Last month Lindenfelser was able to see her dream get one step closer to reality when Crescent Cove signed an agreement to purchase a hospice home formerly operated by North Memorial Hospital on Twin Lakes in Brooklyn Center.
Crescent Cove plans to remodel the 6,700 square-foot facility to meet specific patient and family needs and welcome new patients in October 2017. The program will be Minnesota’s first independent pediatric hospice and respite home. At Crescent Cove, hospice care will be provided for children who are actively dying. Respite care will provide a place for parents caring for children with shortened life expectancies to take a short break and recharge.
Pediatric hospice homes are common in other parts of the world, Lindenfelser said. Several years ago, she moved to Australia and worked at Very Special Kids, a pediatric hospice home in Victoria. The medical reimbursement process in the United States makes it difficult to set up similar programs here, she explained. Her plan is to offer Crescent Cove’s services at no cost to families, thanks to support from donors.
The Crescent Cove home will provide accommodations for up to six children at a time as well as space for family and friends when a child is dying. There will also be play areas, a spa bathroom and a reflection room.
Though most Americans prefer to die at home or in a hospital, Lindenfelser believes that there is still clear need for a place designed to specifically assist children and their families in end-of-life care.
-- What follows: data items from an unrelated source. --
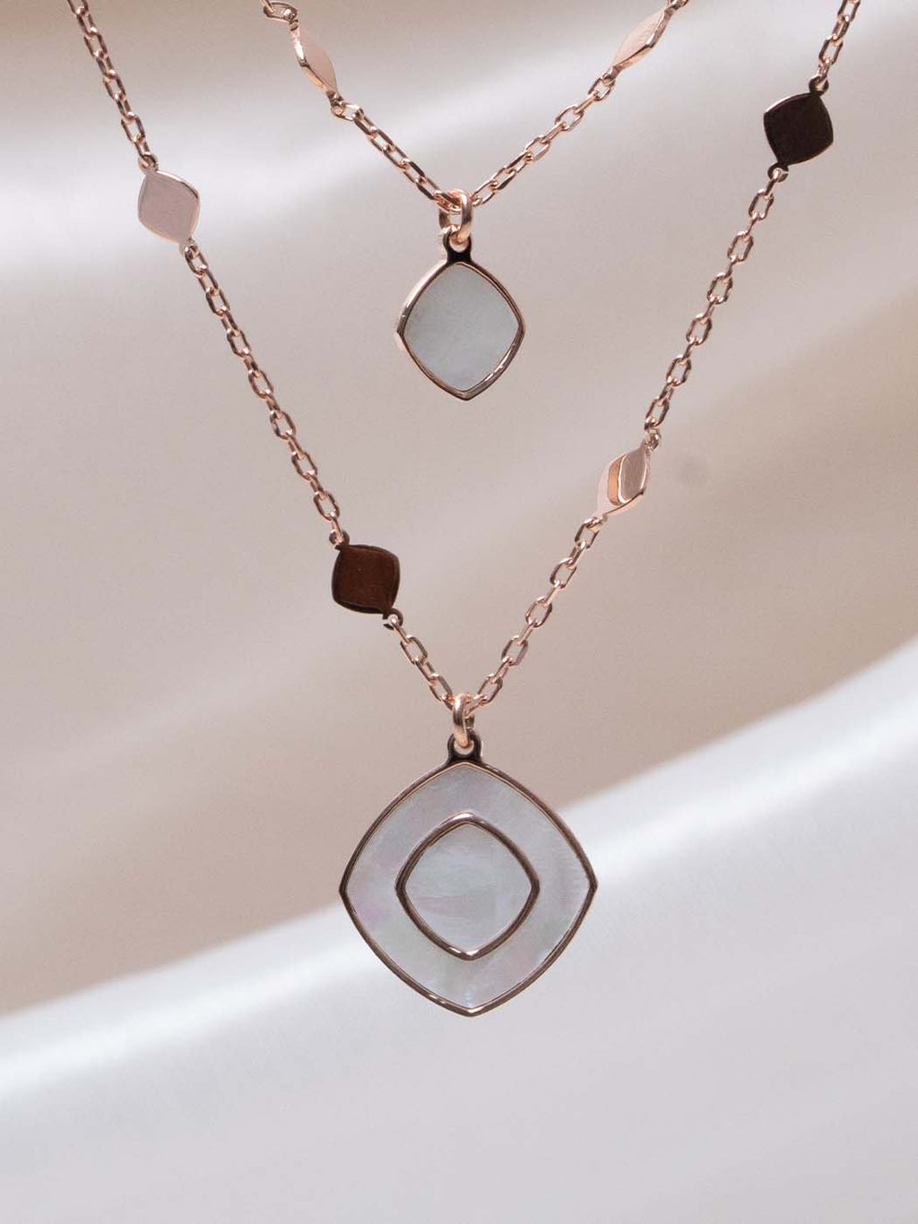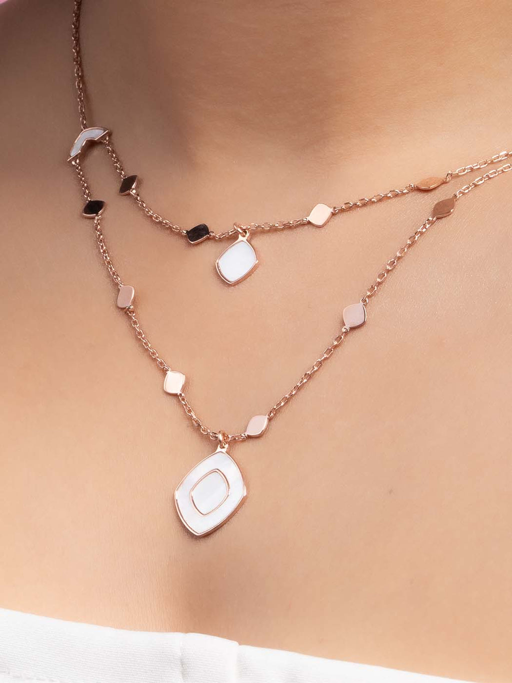 A trendy double-layered chain featuring geometric charms and a striking Mother-of-Pearl pendant. Its rose gold tone and pre-styled design make it a chic, ready-to-wear accessory for any outfit.
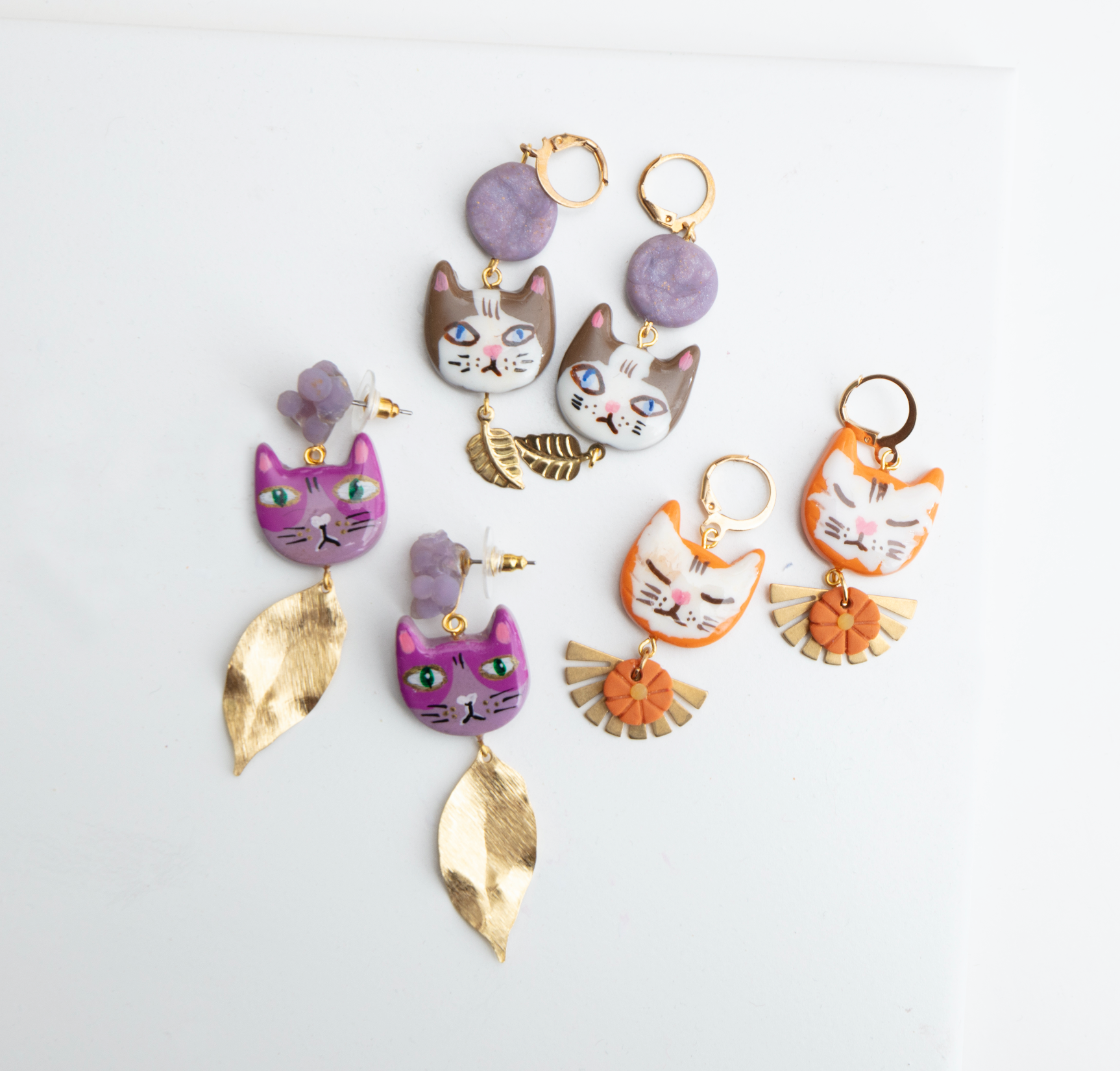 One-of-a-kind cat clay earrings, carefully hand painted and handcrafted to capture the essence of this furry cutie.
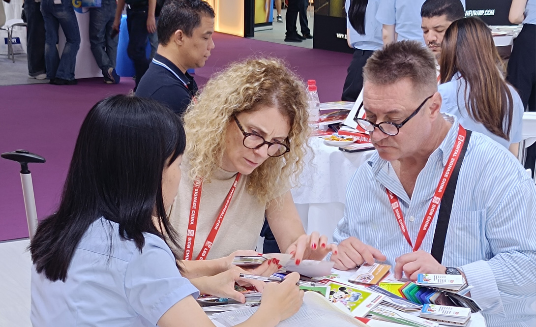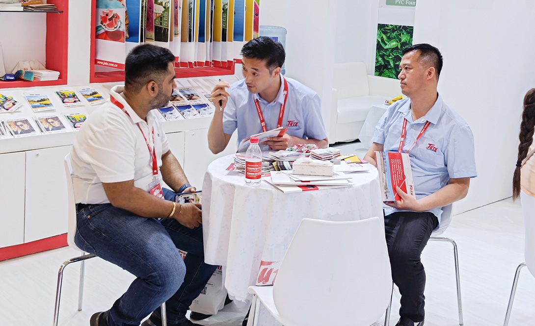 La mayoría de los clientes están interesados en tableros de espuma de PVC, vinilos autoadhesivos, productos ecológicos y en nuestros nuevos productos adhesivos magnéticos. Algunos clientes han traído sus propias muestras y esperan encontrar un proveedor adecuado.

“This home will not replace care in a hospital or care at home,” she explained. “The majority of American children and families will still receive care in those places, but this is another option for a minority of families who really are looking for something else.”
When she was working as a music therapist in hospice programs, Lindenfelser said that several children and their parents told her that they were searching for a separate place to die, one that was designed to aid children and families. Most hospice homes only welcome adults.
“Parents were asking me, ‘Where can we go? I don’t want my child to die at home,’ ” she recalled. “I had no idea what to tell them. I didn’t have any other resources.”
Lindenfelser also heard from the young patients themselves.
“Some children, particularly teens, told me they don’t want to die at home. They said they don’t want to leave the memory for their families of them dying in the living room.”
Emotional space for parents to focus on their children
Another reason for creating separate hospice and respite care, Lindenfelser said, is to clear emotional space for parents to focus on their children.
“Parents say they want to be a parent, not a nurse managing care 24-7. They want to be present for their child in those precious end-of-life moments. They want to be in quiet, restful space. They need help to do that.”
All of Crescent Cove’s services have been essential for Samountry, but the biggest help of all, she said, is something that is hard to quantify.
“It’s the feeling that I’m not completely alone in my situation. Slowly, I’m starting to realize that there is another world outside of my home and there are actually other parents like me out there. But it’s not always easy.”